AMP Limited recently released the results of its SuperConcepts SMSF Investment Patterns Survey for the 12 months ending June 30.
This survey highlights the investments decisions made by SMSF Trustees. A summary of the key finding of the report are:
- Cash increased 1% to 18%
- Investment in Australian shares fell from 37.1% to 34.5%
- International share allocations declined 1% to 13.1%
- Direct and indirect property assets increased from 18.3% to 21.7%
- The four major banks (CBA, ANZ, NAB, Westpac) and Telstra Corporation Ltd remained the five most commonly held investments.
Investment in Equities has fallen, both Domestic and International, while cash has increased along with property. With cash rates at historic lows such swings beggar belief.

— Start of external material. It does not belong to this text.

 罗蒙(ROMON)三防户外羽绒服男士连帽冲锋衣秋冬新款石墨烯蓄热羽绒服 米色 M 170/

While we may consider a short-term tactical swing to cash while we anticipate a fall in the market or wait to find our next investment the reality remains that even if the market had only gone sideways over the financial year Dividend Yields are so much greater that you would be behind by approximately 2-3% over the year.
Cash is important in a SMSF but a well structured portfolio shouldn’t cause concern and would deliver greater income.

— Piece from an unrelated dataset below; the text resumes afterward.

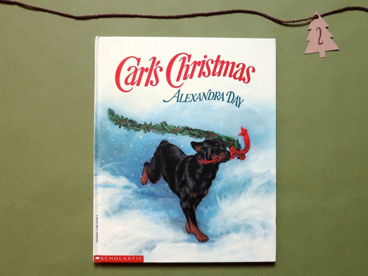 For the second book in our 25 Days of Picture Books 2015, I am making this post do double duty and combining a Christmas book with Wordless Wednesday. As such, this post will be a bit longer than my usual Christmas countdown posts, but it also includes an interview with the author herself! Let’s jump in. Here is Carl’s Christmas by Alexandra Day, 1990.

The big increase in property is also interesting. The increase in borrowing to invest in property through SMSF’s has been very popular so this result is no surprise. We feel however that this trend is a cause for concern. There is a lot of property development which has even the RBA concerned (to the point they have conducted deep analysis of the outcome of a property crash) that a fall in property prices will occur.
As always, we encourage diversification across asset classes. Keep some cash handy. And most importantly be prepared for the volatility that will arise.